Analysing the shape memory behaviour of GnP-enhanced nanocomposites: a comparative study between experimental and finite element analysis

Shape memory polymers (SMPs) are capable of enduring significant deformations and returning to their original form upon activation by certain external stimuli. However, their restricted mechanical and thermal capabilities have limited their broader application in engineering fields. To address this, the integration of graphene nanoplatelets (GnPs) with SMPs has proven effective in enhancing their mechanical and thermal properties while maintaining inherent shape memory functions. The study evaluated shape memory nanocomposites (SMNCs) using dynamic mechanical, thermogravimetric, and static tensile, flexural, and shape memory tests, along with scanning electron microscopy to analyse tensile fractures. The results indicate that the optimal content of GnP is 0.6 wt%, resulting in excellent shape memory, thermal, and mechanical properties. Specifically, this composition demonstrates a shape recovery ratio of 94.02%, a storage modulus of 4580.07 MPa, a tensile strength of 61.42 MPa, and a flexural strength of 116.37 MPa. Additionally, the incorporation of GnPs into epoxy reduces recovery times by up to 52% at the 0.6 wt% concentration. While there is a slight decrease in the shape fixity ratio from 98.77% to 93.02%, the shape recoverability remains consistently high across all samples. Current finite element (FE) models often necessitate complex, problem-specific user subroutines, which can impede the straightforward application of research findings in real-world settings. To address this, the current study introduces an innovative finite element simulation method using the widely used ABAQUS software to model the thermomechanical behaviour of SMNCs, importantly incorporating the time-dependent viscoelastic behaviour of the material. The effectiveness of this new approach was tested by comparing experimental results from bending test of SMNCs cantilever beam with outcomes derived from FE simulations. The strong agreement between the experimental data and simulation results confirmed the precision and reliability of this novel technique.

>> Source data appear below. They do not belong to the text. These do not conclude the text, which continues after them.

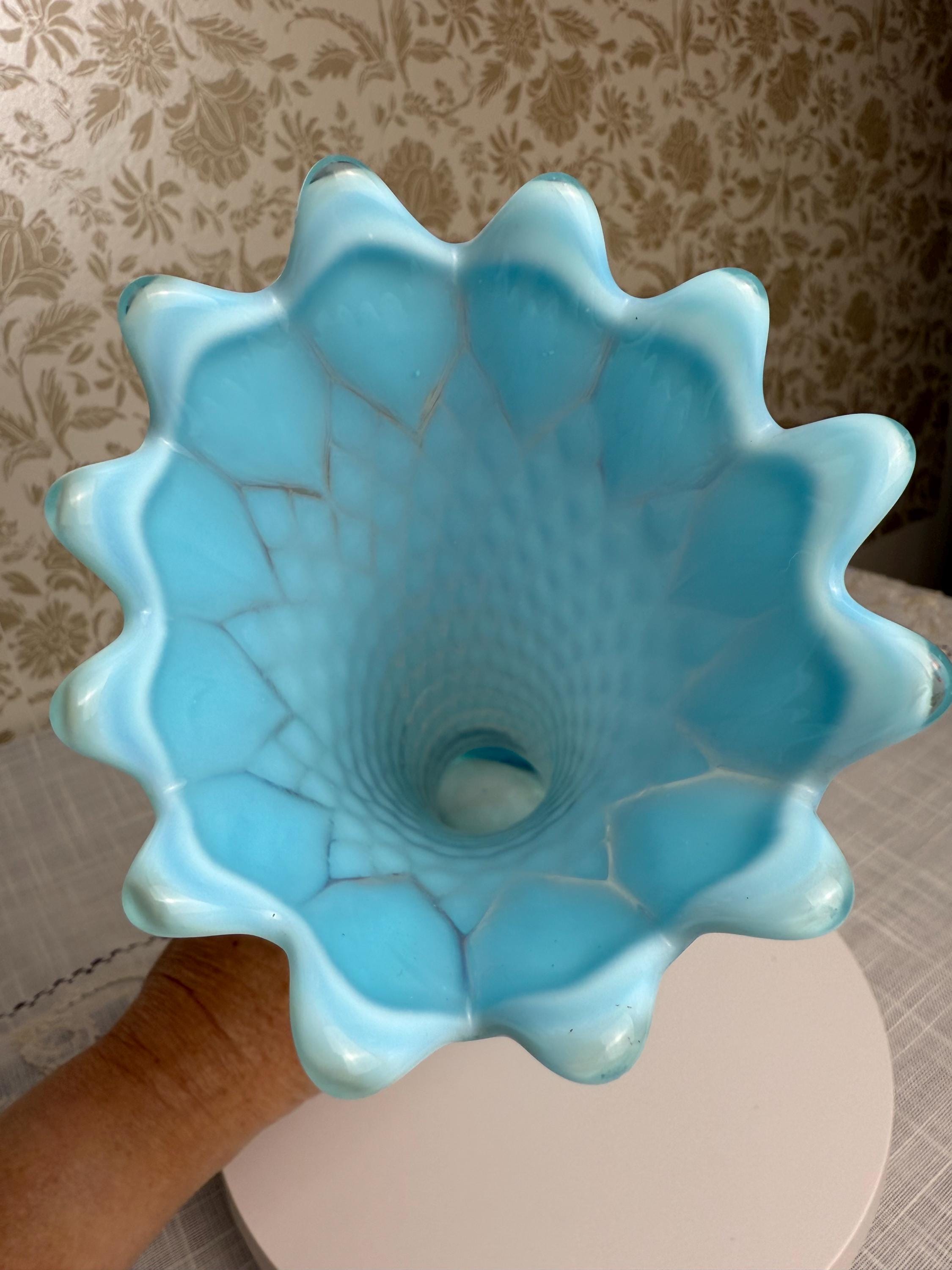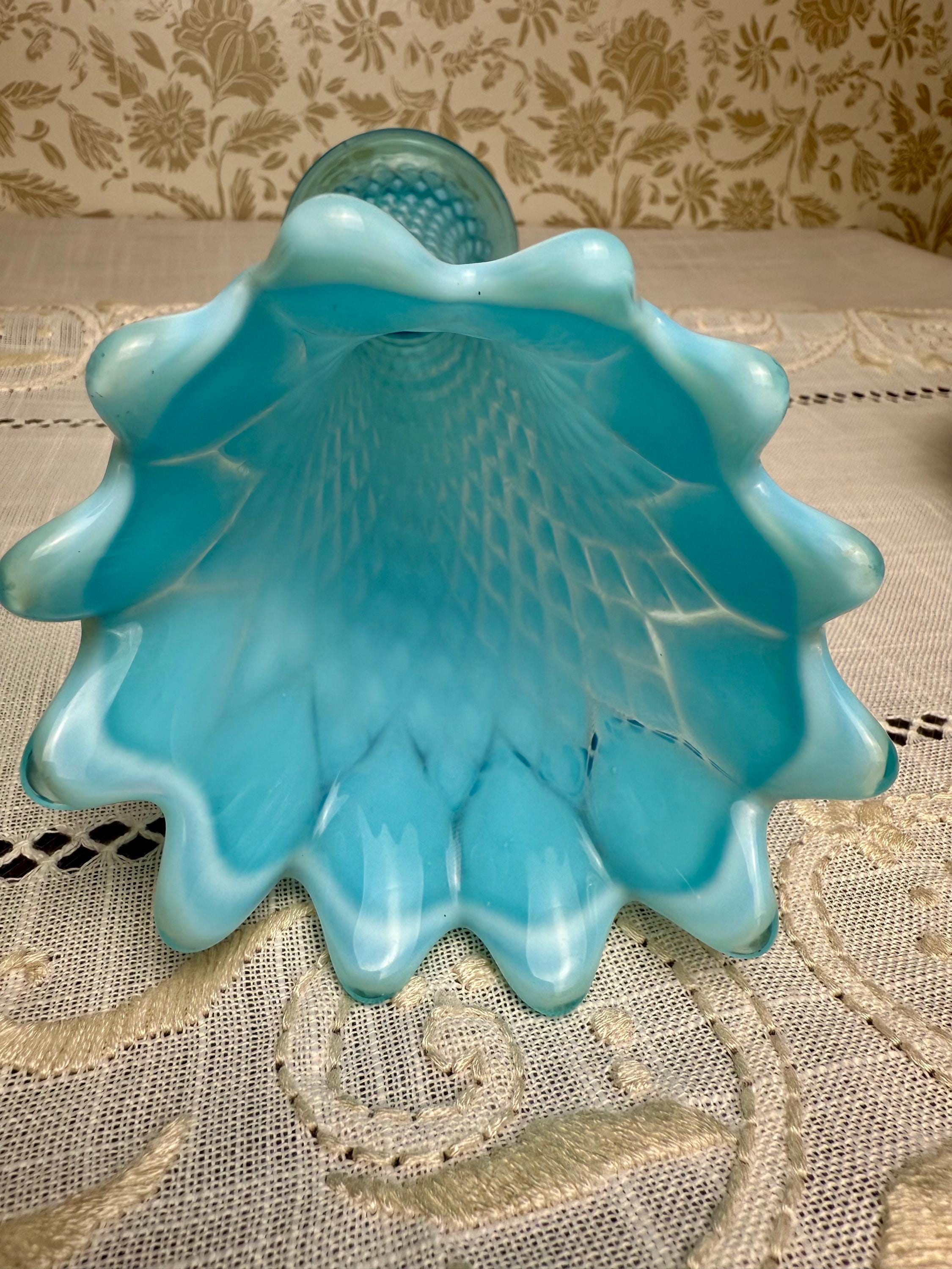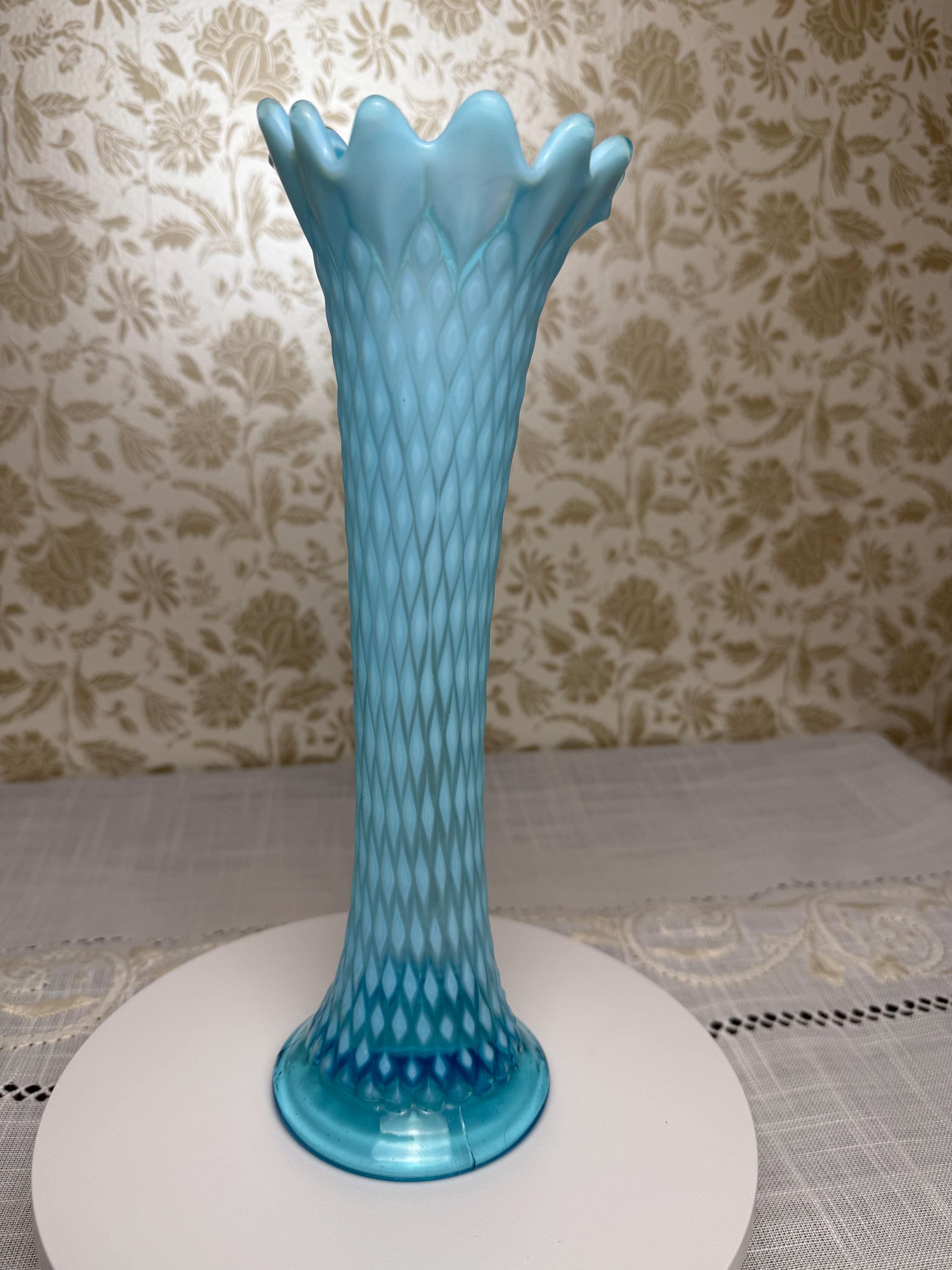 The moment I found this vase, I was captivated by its stunning color — a dreamy aqua blue that seems to glow from within — and its elegant, flared shape. The diamond pattern adds such beautiful texture, catching the light in ways that feel almost magical. I knew this piece would be perfect for anyone who loves antique glass or wants a showstopping accent in their home.
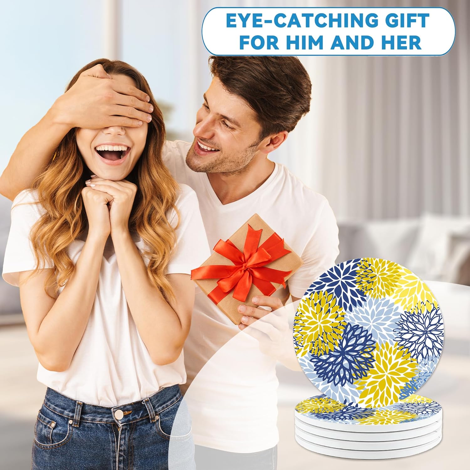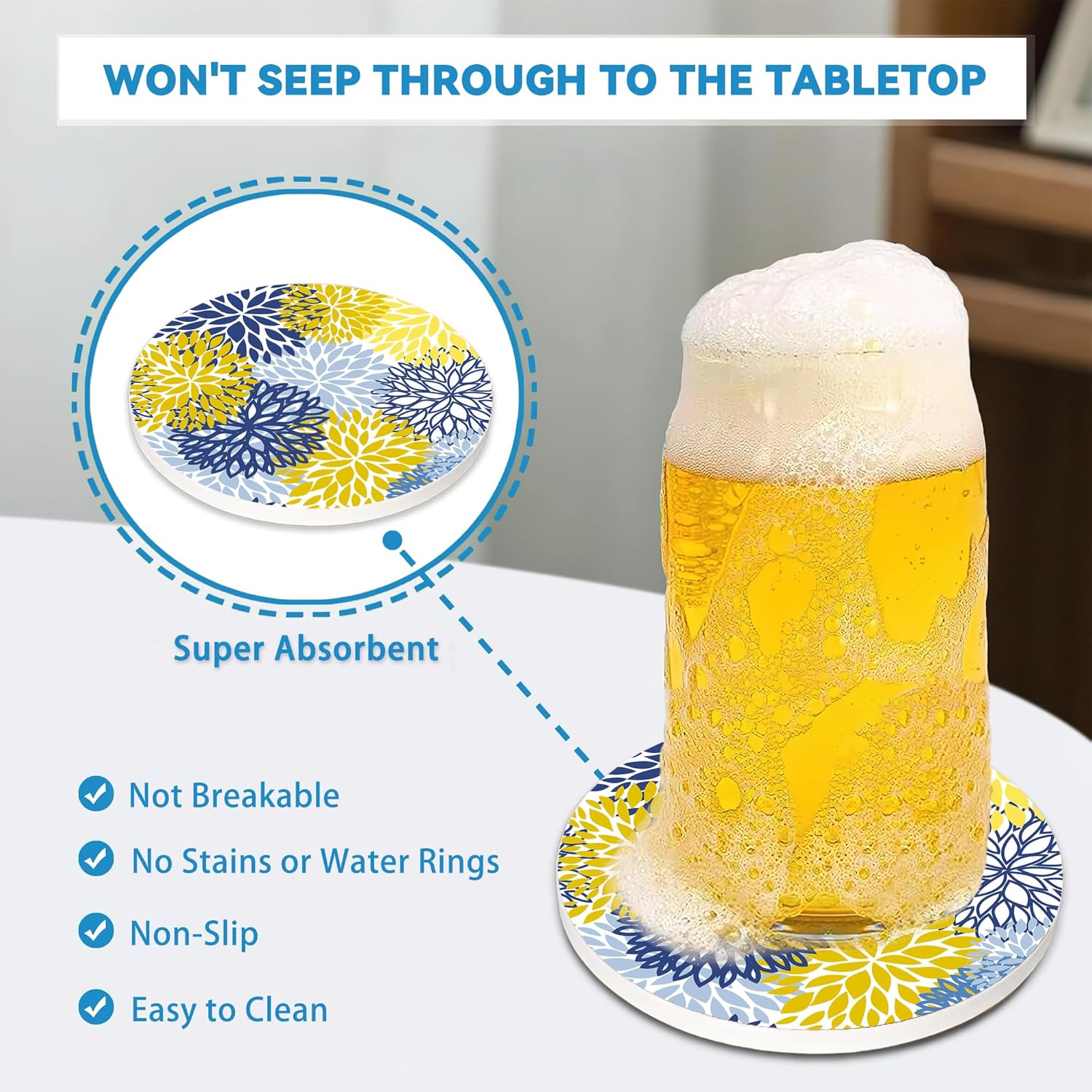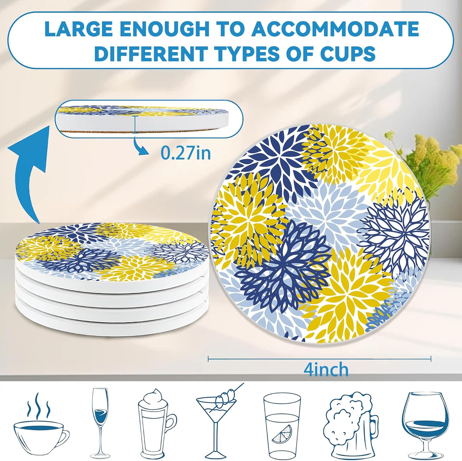Spring Drinks Coasters Set of 4, Absorbent Cup Mat with Cork Base,Ceramic Stone for Table Home Decor 4" Navy Blue Flower
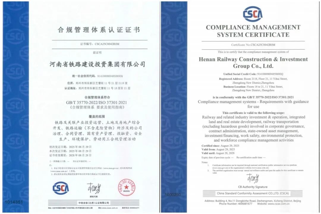 近日,河南鐵建投集團通過第三方權(quán)威機構(gòu)的綜合評審,獲得ISO37301和GB/T35770合規(guī)管理體系國際國內(nèi)雙認證,標志著集團依法合規(guī)管理水平和風(fēng)險防控能力邁上新臺階、步入新征程。
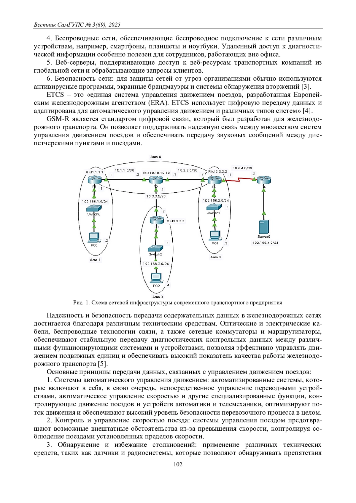 На железнодорожном транспорте для управления движением поездов необходима безопасная передача содержательных данных различных систем и устройств. Сетевая инфраструктура является основой передачи диагностической информации, обеспечивающей непосредственную связь между локальными и центральными системами управления, диспетчерскими пунктами, станциями и поездами Д1, 2].
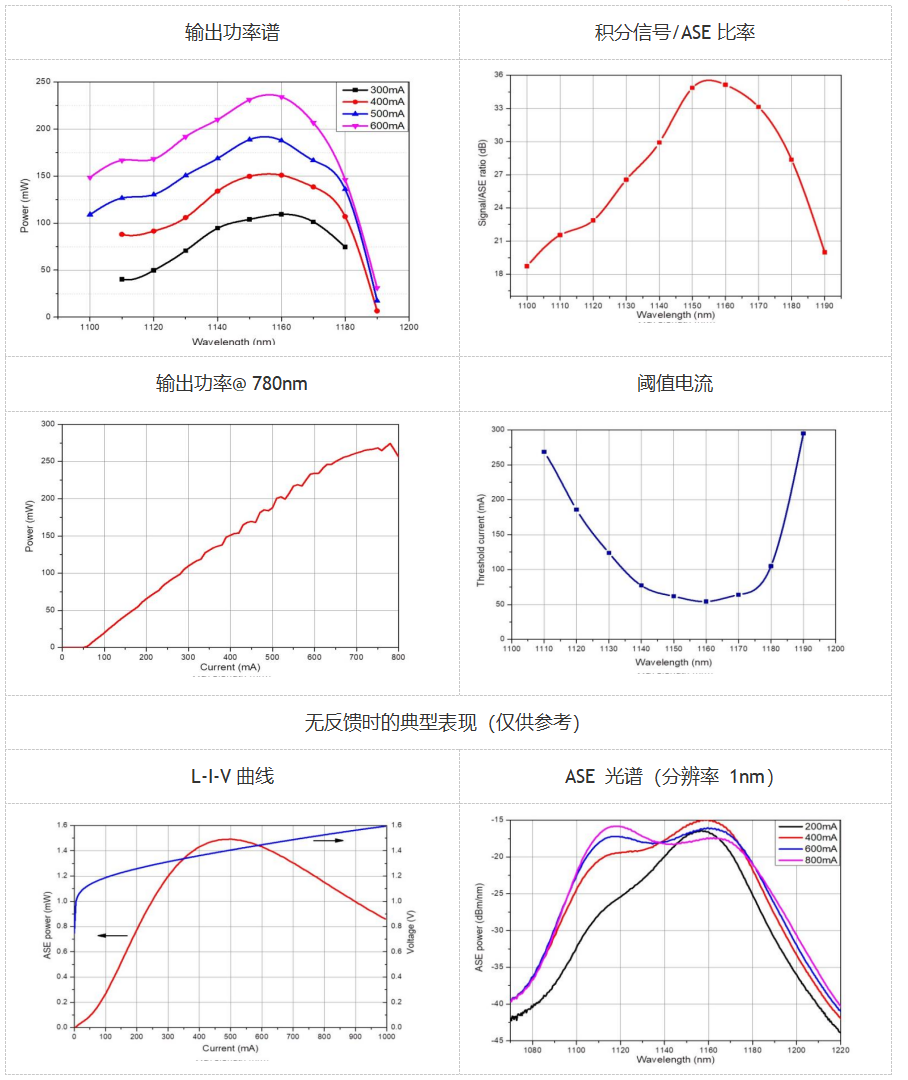波长(最大功率处):1160nm; 中心波长:1150nm; 调谐范围:90nm; 最大输出功率:230mW; 正向电流:600mA; 慢轴光束发散角:5deg; 快轴光束发散角:42deg;
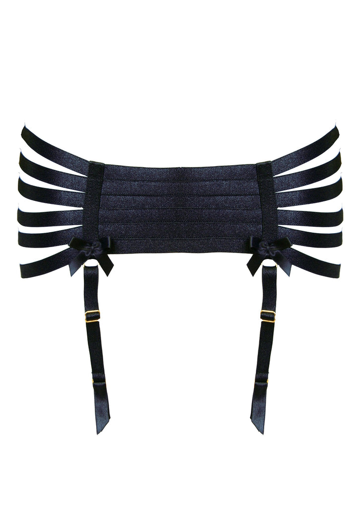 Webbed Suspender Worn low on the hips, our iconic Webbed Suspender is a show piece featuring an eye catching ‘O’ ring detail and fully adjustable straps for the perfect fit.
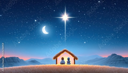 Nativity Scene Under Starry Night Sky With Moon And Manger Christmas Holiday Background For Religious Celebration

形状记忆聚合物（SMPs）能够承受显著的变形，并在受到某些外部刺激激活时恢复到其原始形状。然而，它们有限的力学和热学性能限制了它们在工程领域更广泛的应用。为了解决这个问题，将石墨烯纳米片（GnPs）与形状记忆聚合物结合已被证明在提高其力学和热学性能的同时能保持固有的形状记忆功能是有效的。该研究通过动态力学、热重分析以及静态拉伸、弯曲和形状记忆测试，并结合扫描电子显微镜分析拉伸断裂来评估形状记忆纳米复合材料（SMNCs）。结果表明，GnP的最佳含量为0.6 wt%，这使得材料具有优异的形状记忆、热学和力学性能。具体而言，这种成分的形状恢复率为94.02%，储能模量为4580.07 MPa，拉伸强度为61.42 MPa，弯曲强度为116.37 MPa。此外，在0.6 wt%的浓度下，将GnPs掺入环氧树脂可使恢复时间缩短多达52%。虽然形状固定率从98.77%略微下降到93.02%，但所有样品的形状恢复能力始终保持较高水平。当前的有限元（FE）模型通常需要复杂的、针对特定问题的用户子程序，这可能会阻碍研究成果在实际环境中的直接应用。为了解决这个问题，本研究引入了一种创新的有限元模拟方法，使用广泛应用的ABAQUS软件对形状记忆纳米复合材料的热机械行为进行建模，重要的是纳入了材料随时间变化的粘弹性行为。通过将形状记忆纳米复合材料悬臂梁弯曲试验的实验结果与有限元模拟得出的结果进行比较，测试了这种新方法的有效性。实验数据和模拟结果之间的高度一致性证实了这种新技术的精确性和可靠性。